Without that cooling period, however, the Totino's Pizza Roll is a dangerous weapon. The insulated nature of the wrap hides the true temperature of the molten mixture within. Having your mouth flooded with third-degree burns is not a good way to die. For one, it can't kill you. You'd think that was good, but then you spend a week getting torn bits of your own inner cheeks stuck between your teeth.
Or maybe the innards will burst outside of your mouth, coating your lips and chin with burning pain.
Just let the damn pizza rolls cool first, people.
It's really only the first two or three rolls you need to worry about anyway. They you'll get bored with them and start pulling them apart as a means to keep yourself entertained. This always happens.
The Verdict
Do you like heartburn?
I'm not a big fan myself. I've spent the better part of the year avoiding things that make the bile rise up in my throat, and here I am, burping up tomato basil-flavored stomach acid.

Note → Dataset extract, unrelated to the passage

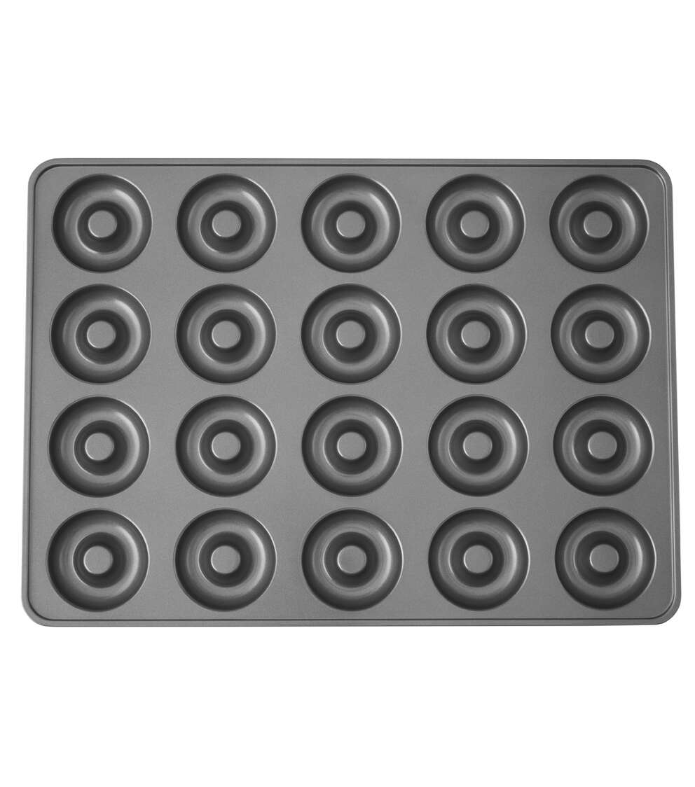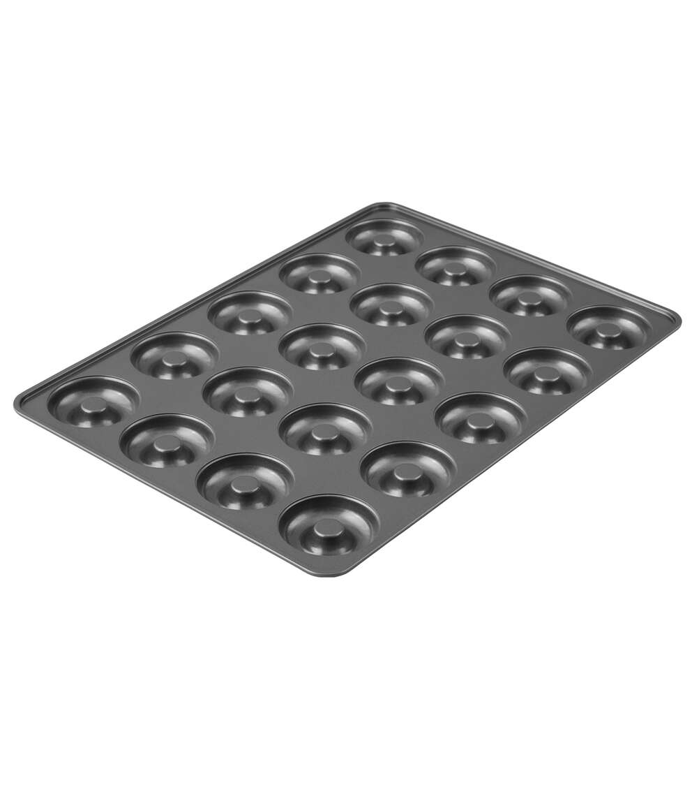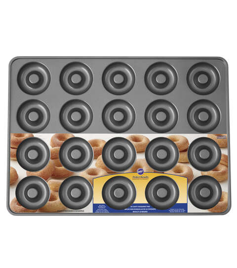 Choose the Wilton Perfect Results Non-Stick Doughnut Pan to bake your favorite food to perfection. Noticeably heavier than most comparable brands, this pan assures you of even heating, baking and browning. It’s dishwasher-safe, and designed with a non-stick surface for easy release of baked goods, as well as easy cleanup. This pack contains one premium doughnut pan with 20 cavities.

So that's a strike. The second strike is that the stomach acid cocktail doesn't taste much different than the rolls did going down. I still get that bitter seasoning taste. The tomato "sauce" hasn't changed much. If I'm incredibly lucky those tiny bits of meat, barely big enough to bite, come back up for another run through the tooth gauntlet.
As pleasant as it is to revisit a meal so completely, I am of the belief that food should undergo some sort of major transformation once it's been subjected to your internal mechanism. These Combination Totino's Pizza Rolls did not, so either they taste like heartburn to begin with, or taste so strong that the stomach acid, it does nothing.
I don't like eating food that makes me question the potency of my stomach acid. I think that's all I really need to say here.